From the line that contains "最後にせっかくなので、ロータ" to the final line below, both included, print each line exactly and skip the pictures.
----
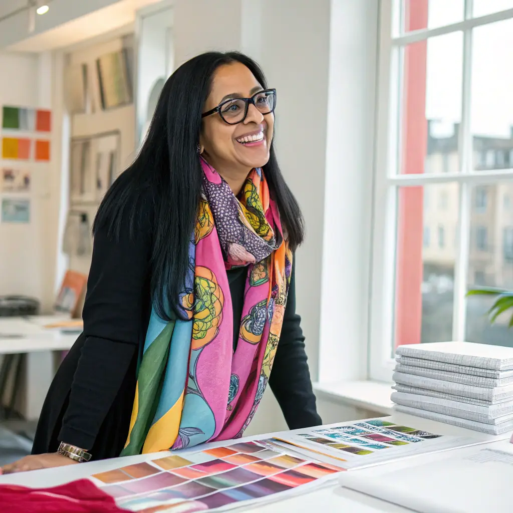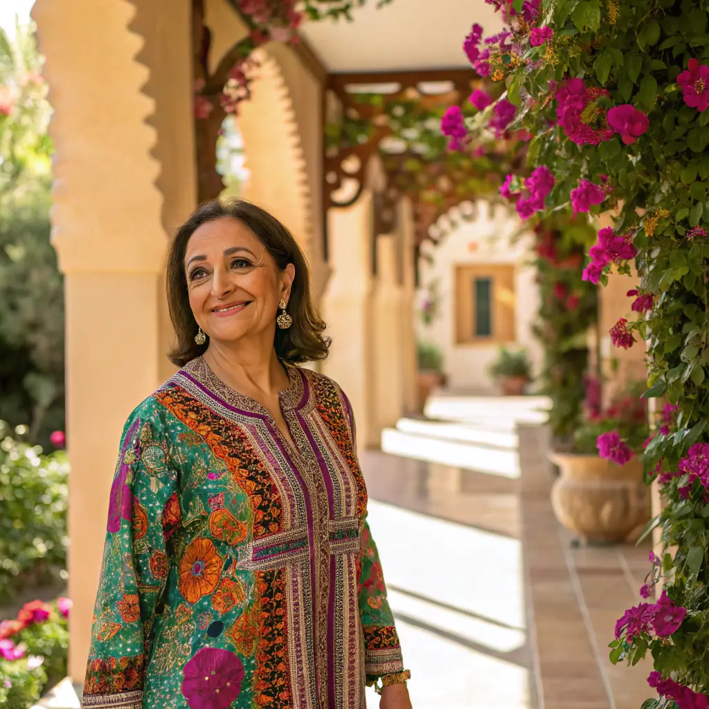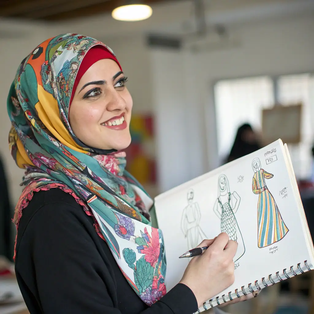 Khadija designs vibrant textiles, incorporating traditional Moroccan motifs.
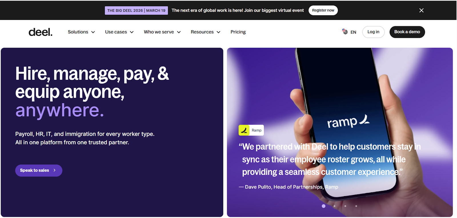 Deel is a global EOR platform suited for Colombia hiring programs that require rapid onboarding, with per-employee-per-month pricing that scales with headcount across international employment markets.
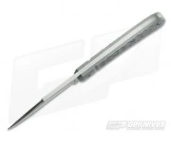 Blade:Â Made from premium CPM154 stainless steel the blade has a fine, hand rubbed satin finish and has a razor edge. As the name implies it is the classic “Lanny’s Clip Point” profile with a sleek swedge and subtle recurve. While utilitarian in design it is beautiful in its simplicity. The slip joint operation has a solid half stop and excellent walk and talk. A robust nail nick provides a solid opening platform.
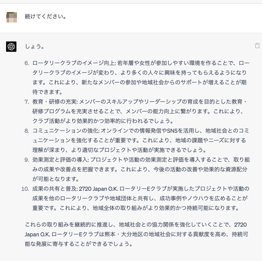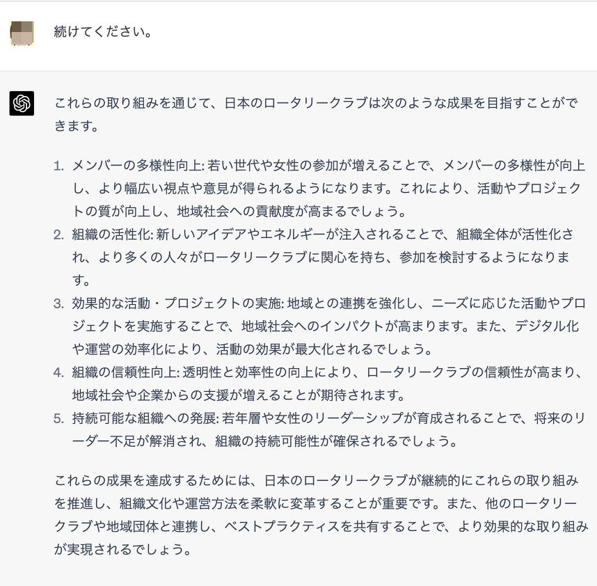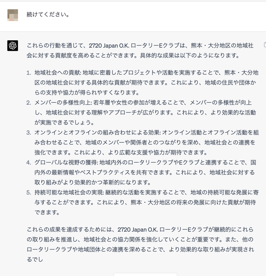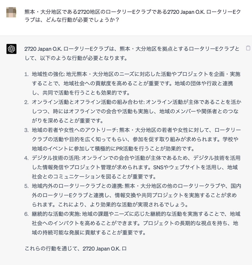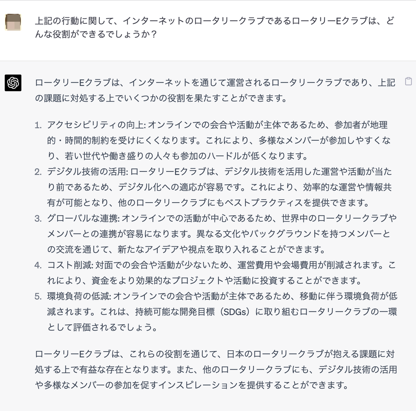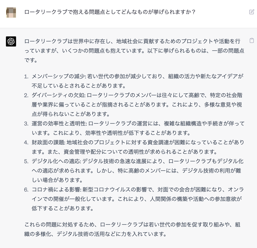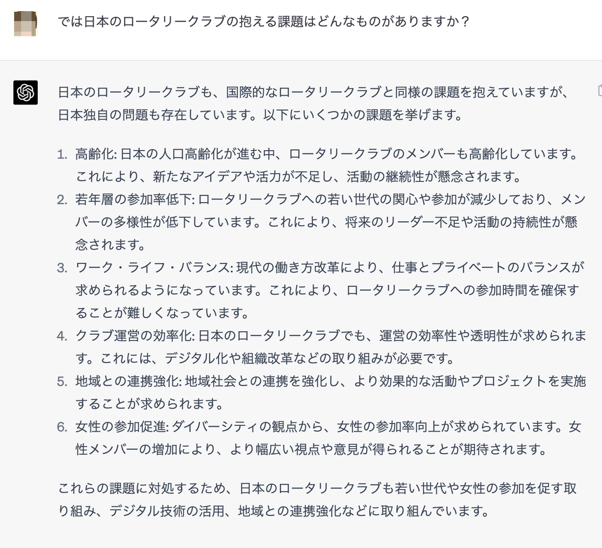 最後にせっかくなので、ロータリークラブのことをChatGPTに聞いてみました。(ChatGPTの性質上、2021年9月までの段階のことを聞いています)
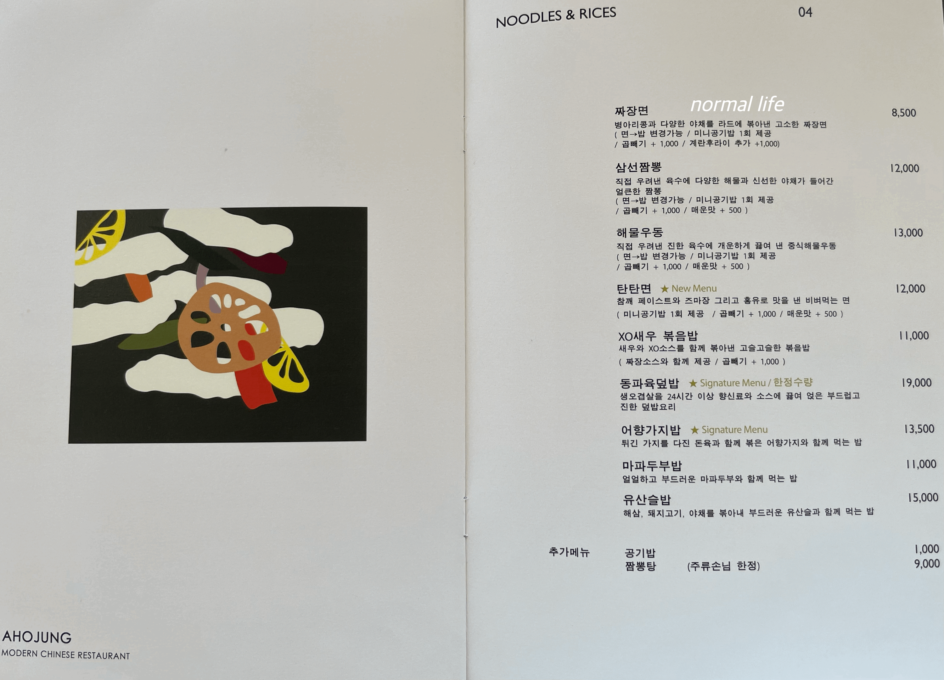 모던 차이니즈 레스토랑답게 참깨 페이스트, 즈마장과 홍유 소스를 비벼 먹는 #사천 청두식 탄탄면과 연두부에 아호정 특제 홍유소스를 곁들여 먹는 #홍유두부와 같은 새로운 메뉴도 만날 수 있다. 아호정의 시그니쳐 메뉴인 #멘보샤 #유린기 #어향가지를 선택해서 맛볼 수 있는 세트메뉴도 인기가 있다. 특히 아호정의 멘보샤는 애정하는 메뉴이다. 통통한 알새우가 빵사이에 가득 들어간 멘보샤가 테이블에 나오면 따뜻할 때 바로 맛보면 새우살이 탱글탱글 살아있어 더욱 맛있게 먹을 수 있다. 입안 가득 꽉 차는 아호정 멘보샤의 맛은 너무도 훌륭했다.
----
Response below:
 最後にせっかくなので、ロータリークラブのことをChatGPTに聞いてみました。(ChatGPTの性質上、2021年9月までの段階のことを聞いています)
 모던 차이니즈 레스토랑답게 참깨 페이스트, 즈마장과 홍유 소스를 비벼 먹는 #사천 청두식 탄탄면과 연두부에 아호정 특제 홍유소스를 곁들여 먹는 #홍유두부와 같은 새로운 메뉴도 만날 수 있다. 아호정의 시그니쳐 메뉴인 #멘보샤 #유린기 #어향가지를 선택해서 맛볼 수 있는 세트메뉴도 인기가 있다. 특히 아호정의 멘보샤는 애정하는 메뉴이다. 통통한 알새우가 빵사이에 가득 들어간 멘보샤가 테이블에 나오면 따뜻할 때 바로 맛보면 새우살이 탱글탱글 살아있어 더욱 맛있게 먹을 수 있다. 입안 가득 꽉 차는 아호정 멘보샤의 맛은 너무도 훌륭했다.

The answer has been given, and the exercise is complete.